Is there a future for stem cell therapies that don’t use embryonic stem cells? An international study involving EPFL has raised doubts, by showing that “reprogramming” adult stem cells leads to genetic aberrations.
It’s a discordant note in the symphony of good news that usually accompanies stem cell research announcements. Stem cells hold enormous promise in regenerative medicine, thanks to their ability to regenerate diseased or damaged tissues. They have made it possible to markedly improve the effectiveness of many medical treatments – muscle regeneration in cases of dystrophy, skin grafts for treating burn victims, and the treatment of leukemia via bone marrow transplants.
The problem is obtaining them. Those that are the true source of life, in the first days of embryonic development, are of course the most highly sought after; still undifferentiated, they are “pluripotent,” meaning they can evolve into liver, muscle, eye – any kind of cell. But the issue of how to obtain them clearly raises insurmountable ethical questions.
“In this regard, the recent discovery of the “reprogramming” phenomenon, by which somatic cells can be induced to convert to a pluripotent state simply by forcing the expression of a few genes, opens a phenomenal number of possibilities in regenerative medicine,” says Didier Trono, Dean of the EPFL School of Life Sciences.
“Imagine, for example, collecting a few cells from the hair follicle of a hemophiliac patient, reprogramming them to the pluripotentiality of their embryonic precursor, correcting the mutation responsible for the coagulation disorder that plagues the patient, and then re-administering them, genetically “cured,” after having orchestrated a differentiation into fully functional progeny.”
Increased risks for cancer?
But a study that has just been published in the journal Cell Death and Differentiation, to be followed by two articles in the journal Nature, is dampening those hopes. Conducted by the Department of Biochemistry at the University of Geneva and the European Institute of Oncology in Milan, with the participation of Trono’s laboratory, it concludes that these reprogrammed cells exhibit a “genomic instability” that appears to be caused by the process used to return the cells to their embryonic state.
Even more serious, the genetic mutations observed resemble mutations that are found in cancer cells. The scientists draw the conclusion that reprogrammed stem cells need to be extensively investigated before they can even be considered for use in regenerative medicine.
The experiments were done using mouse mammary and fibroblast cells.
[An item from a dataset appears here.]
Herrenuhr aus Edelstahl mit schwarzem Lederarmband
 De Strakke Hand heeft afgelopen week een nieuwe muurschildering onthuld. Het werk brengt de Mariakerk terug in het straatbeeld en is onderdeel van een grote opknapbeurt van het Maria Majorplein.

The researchers used three different processes for reprogramming the cells to a “stem,” or embryonic, state. The first method was developed expressly for this study, and the others have already been well documented.
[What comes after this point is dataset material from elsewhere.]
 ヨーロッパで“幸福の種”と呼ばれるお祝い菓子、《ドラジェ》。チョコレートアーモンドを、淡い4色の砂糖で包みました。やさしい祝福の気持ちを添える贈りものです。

Yet all the processes led to the same, implacable conclusion: the genetic anomalies multiplied, in a manner that seems to indicate that they are inherent to the reprogramming process itself, which typically makes use of oncogenes. “Interestingly, oncogenes have the potential to induce genomic instability,” the authors explain.
These results underline the necessity of conducting further studies. First, to see if the genetic anomalies are serious enough to compromise the function and stability of cells regenerated using the reprogrammed cells; and second, to “refine the methods used for generating induced pluripotent cells, in order to avoid this problem. These results will thus motivate scientists to come up with a solution,” concludes Trono.